È corretto e scientificamente attendibile il procedere per induzione? È veramente scientifico il
presupposto “da molti casi particolari al generale”?. La domanda di fondo che Popper evidenzia
in realtà è il “come” si muove chi fa uso di questo procedimento. Ed è, a mio avviso,
l’attenzione al “come” si passa da una pluralità di casi osservati alla costruzione di una teoria
previsionale dei fenomeni naturali che consente a Popper di concludere che nessuna
osservazione è possibile senza essere guidata da un “che cosa” osservare e da un “come
procedere” nell’osservazione. Nessuna osservazione può essere condotta senza che sia stata
posta antecedentemente una regola dal soggetto che quindi la dirige. Per questa via Popper
arriva alla conclusione che “le teorie scientifiche, quindi, non erano sintesi di osservazioni,
bensì invenzioni, congetture audacemente avanzate per prova, da eliminarsi se contrastanti
con le osservazioni”(2003,pag.83). Le osservazioni “vengono intraprese con precisa intenzione
di controllare una teoria, ottenendo possibilmente una confutazione decisiva” (2003,pag.83).
Queste proposizioni hanno, allora, un unico significato; ritornando al “come” si passa alla
costruzione di una teoria previsionale e perciò scientifica, occorre concludere che la costruzione
è possibile solo perché si procede attraverso la logica delle “osservazioni sotto ipotesi” e le
ipotesi sono le invenzioni, le immaginazioni, le congetture, le risposte che uno scienziato
fornisce a un problema di conoscenza che lo ha stimolato. Le ipotesi, attraverso il
procedimento scientifico saranno sottoposte a rigoroso controllo e sono il controllo e la
confutabilità non le osservazioni induttive che forniscono la linea di demarcazione tra scienza e
pseudoscienza.
La scienza inizia da osservazioni oggettive o da problemi? Popper risponde: “la credenza che
possiamo partire da delle osservazioni, senza niente di simile ad una teoria, è davvero
assurda”(2003, pag.83); e poi aggiunge: “è chiaro che il precetto<<osservate!>> è assurdo”
(2003, pag.84); ed ancora: “L’osservazione è sempre selettiva. Essa ha bisogno di un oggetto
ben determinato, di uno scopo preciso, di un punto di vista, di un problema. E la decisione che
ne segue presuppone un linguaggio descrittivo, con termini che designano proprietà” (2003,
pag.84). Con queste frasi Popper rende ragione delle sue concezioni relative al procedere della
conoscenza scientifica che muove da problemi e non da osservazioni oggettive e che di fronte a
problemi di conoscenza subentrano due atteggiamenti principali del soggetto, in primo luogo,
dotarsi di strategie che possono condurre alla soluzione del problema ed esse risiedono
nell’invenzione, nelle congetture, nelle procedure di confutabilità delle congetture stesse; in
secondo luogo dotarsi di strategie comunicative. Le prime strategie sono fortemente dipendenti
dai bisogni(nel caso degli animali) e dai punti di vista(nel caso degli uomini), “dal particolare
problema, dalle congetture, dalle teorie che egli accetta come presupposti” (2003, pag.85). Ma
allora, nella scienza nasce prima il problema o prima l’ipotesi?
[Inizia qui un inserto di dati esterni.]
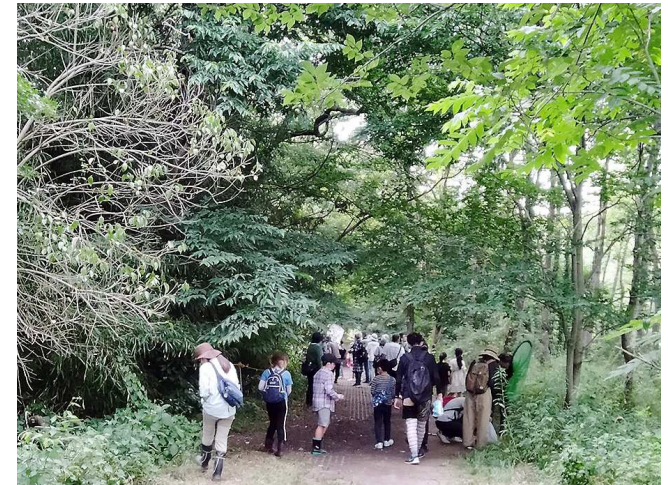
写真4-3 ミドリシジミを見る集い

令和4年度は、キックオフミーティング、ミドリシジミを見る集い、いきものサイエンスカフェ、いきものフォーラムを開催し348人に参加いただきました。
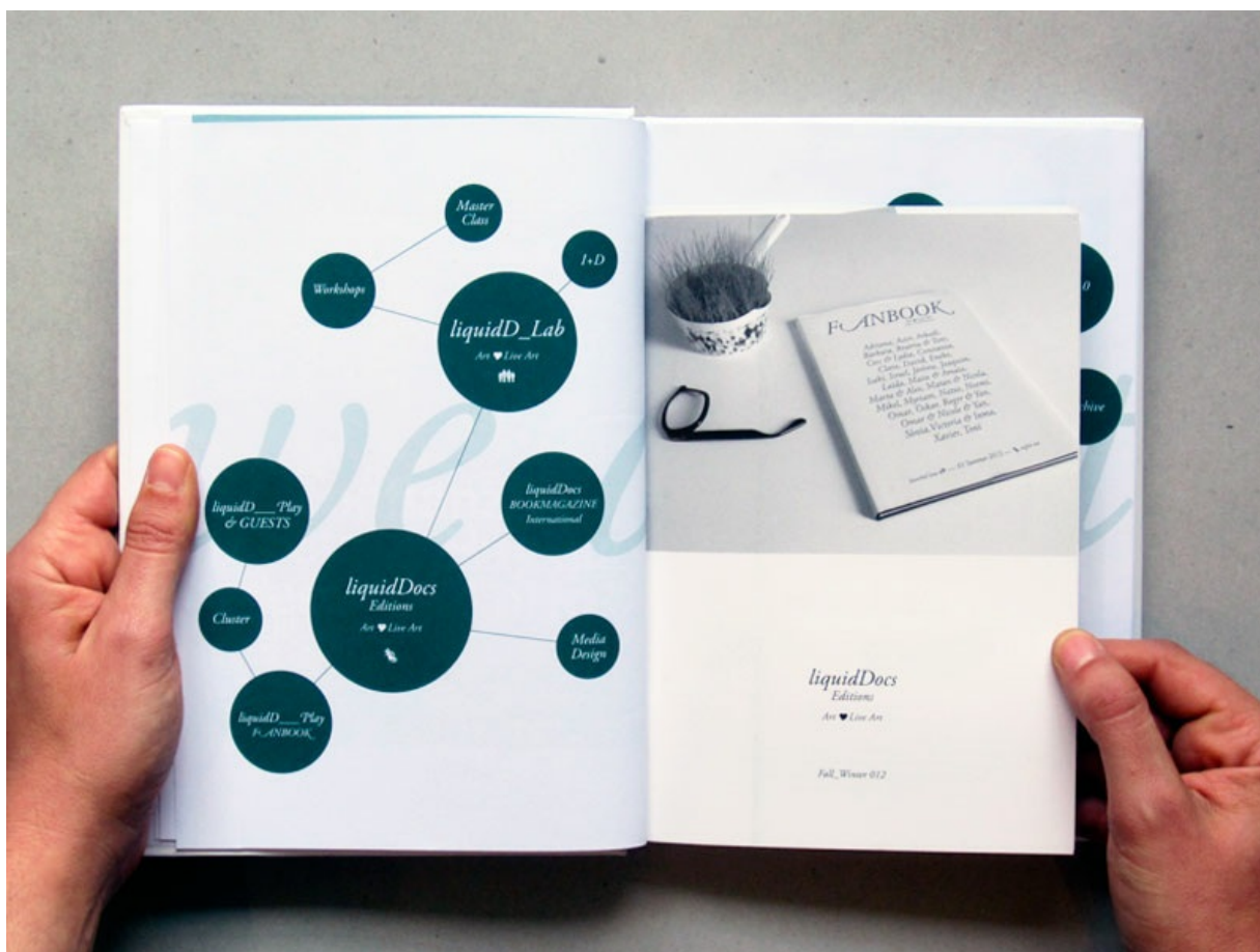
Fanbook by liquidDocs
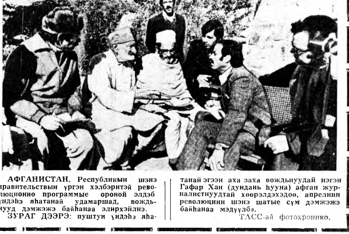
АФГАНИСТАН. Республикын шэнэ...
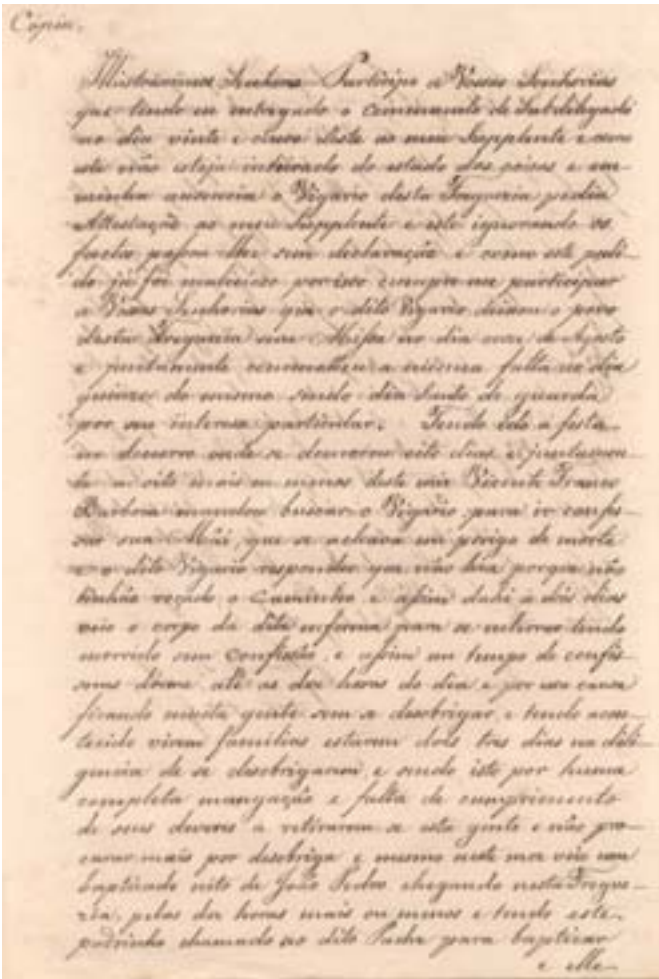
Manuscrito da queixa de Amparo.

logar quando a parte que produzio a testemunha, ou documento, delles desistir. Sendo contraria a deliberação da Assembléa, será adiado o julgamento, remetendo-se o depoimento, ou documento ao Juiz competente para instaurar sobre isso o competente processo, com urgencia, e participar a Assembléa a decisão final. Recebida esta, continuará o julgamento, designando-se dia em que as partes devão comparecer.
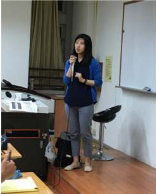
石安伶經理說明調研產業工作內容
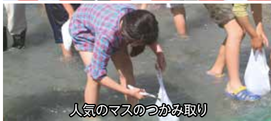
人気のマスのつかみ取り
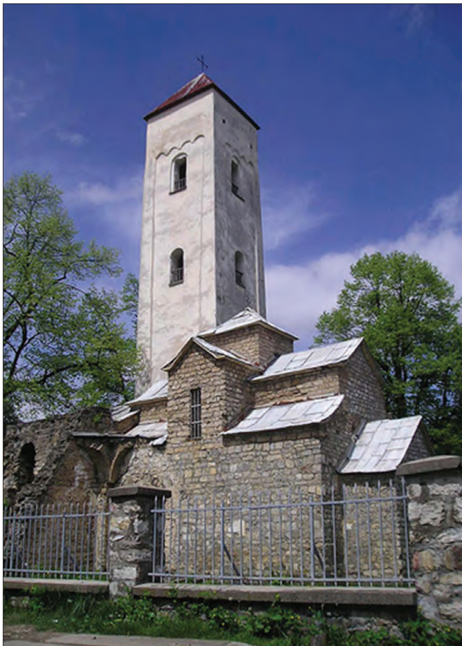
Sl. 2: Crkva Svetog Petra u župi Lim (Bijelo Polje, Crna Gora).
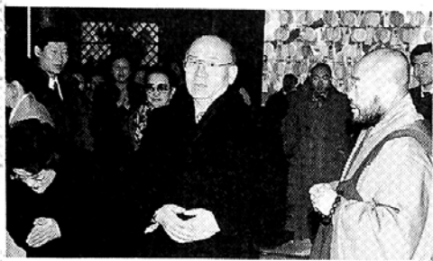
전두환 前 대통령은 수감중 '입체유심조'의 가르침을 되새겼으며 조계사에서 국대민안 백일기도를 임재했다.

Nasce, dice Popper, “un
precedente tipo di ipotesi….che suscitavano il bisogno di una spiegazione e davano così origine
all’invenzione di un’ipotesi…..perchè non potevano essere spiegate all’interno della vecchia
struttura teorica, del vecchio orizzonte di aspettazioni” (2003, pag.85).
La teoria elaborata da un qualsiasi scienziato è una risposta creativa a problemi di conoscenza
della realtà, ma la teoria non discende direttamente dall’esperienza perché questa è filtrata dal
soggetto che se la rappresenta, per cui essa è necessariamente diversa dalle osservazioni
eseguite che in tal senso necessitano di diverse spiegazioni. È possibile, allora che il pensiero
umano possa fondarsi su idee innate? Popper confuta il fondamento delle idee innate: “la
teoria delle idee innate è assurda”(2003, pag.85), in favore di quello delle “reazioni innate o
risposte innate”(2003, pag.85), che si possono denominare, dice l’autore, “aspettazioni”
(2003, pag.85); innata ad esempio è l’attesa di regolarità nei confronti della natura ed essa “è
anteriore, logicamente a tutte le esperienze osservative”(2003, pag.86), ma “l’aspettazione
non è valida a priori”(2003, pag.86). Per concludere la sua argomentazione sull’induzione e
sulla confutazione delle idee innate, Popper offre al lettore la bella metafora della macchina
induttiva con cui logicamente il lettore stesso si convince dell’insensatezza del processo di
induzione come processo scientifico attendibile.
Allora, se l’induzione, secondo Popper, non fa parte della tradizione scientifica che cosa
caratterizza la tradizione scientifica rispetto a quella non scientifica, quale proprietà la
distingue? Il problema della demarcazione è ricorrente in più punti, ed anche questo nuovo
problema riconduce al primo problema popperiano. La risposta alla nuova domanda arriva al
lettore attraverso il pregnante confronto che Popper fa tra l’atteggiamento dogmatico e quello
critico e l’equivalenza che egli stabilisce tra pensiero scientifico e pensiero critico e tra pensiero
dogmatico e pensiero pseudoscientifico. Per mezzo di una serie di affascinanti e convincenti
argomentazioni Popper, in modo naturale, conduce il lettore a sposare la sua tesi di fondo
quella che la linea di demarcazione tra scienza e pseudoscienza è da ricercarsi
nell’atteggiamento critico, atteggiamento che caratterizza il procedere scientifico; esso infatti
impone la libera discussione delle teorie formulate “al fine di scoprire i lati deboli, per poterle
migliorare……esso si avvale sia di argomenti verbali, sia dell’osservazione” (2003, pag.91).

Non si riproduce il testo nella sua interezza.